No wonder unemployment is 7.2 percent in the United States and 7.5 percent in the United Kingdom, even as Wall Street is soaring to new records.
Yellen, who is regarded as a dove on the question of tapering, might want to ponder how much of the money the Fed is pumping in supposedly to sustain economic growth and curb unemployment is actually reaching the real economy.

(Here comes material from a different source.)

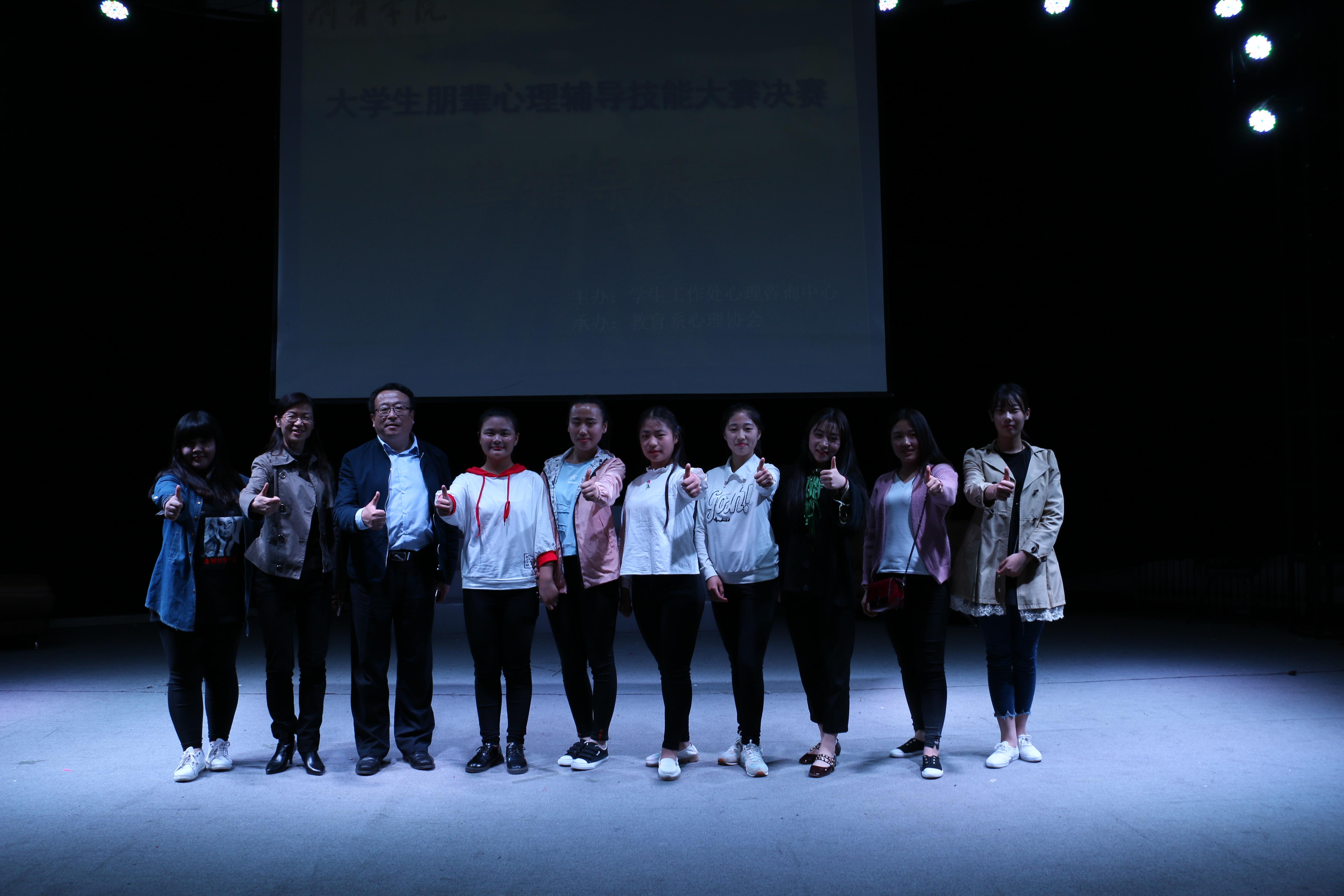 2017年4月20日,由学生工作处大学生心理咨询中心主办、教育系心理协会承办的“突破自我,步步竞心”首届大学生朋辈心理辅导技能大赛圆满完成。社科部孔凡华老师,化学与化工系马京老师,学生工作处韩西莲老师以及心理委员代表于天淇、李卫婷、盖智超担任本次比赛的评委。心理委员代表秦小瑜、王腾飞担任计分监督员。

On the other hand, for emerging market countries, even those as large as Brazil, China and India, tapering poses real problems, as was seen recently when there were rumors that it was imminent and large sums fled back to the U.S., shaking global markets and currencies.
Recent important work by professor Helene Rey of the London Business School shows how vulnerable emerging market economies are: If they allow free movement of capital, they have little monetary independence. She has calculated that prices of risky assets, such as stocks and bonds, move together across the global economy regardless of whatever exchange rate regime is in force.
Central bankers have few defenses against floods of money pouring in or going out. The most important force impelling these global swings of capital is the U.S. Fed and its decisions on interest rates or QE or not to QE. Yet the Fed itself insists that its policies on QE and interest rates must, by law, be set with the U.S. economy alone in mind. This is a lazy argument.
It is time for the Fed and the U.S. to understand that they, too, are part of the global economy and it is time to consider the feedback loops that may bite them too.
Policymakers in Washington cannot pretend they live on their own desert island or they may one day get marooned on it.
Kevin Rafferty is a professor at the Institute for Academic Initiatives at Osaka University.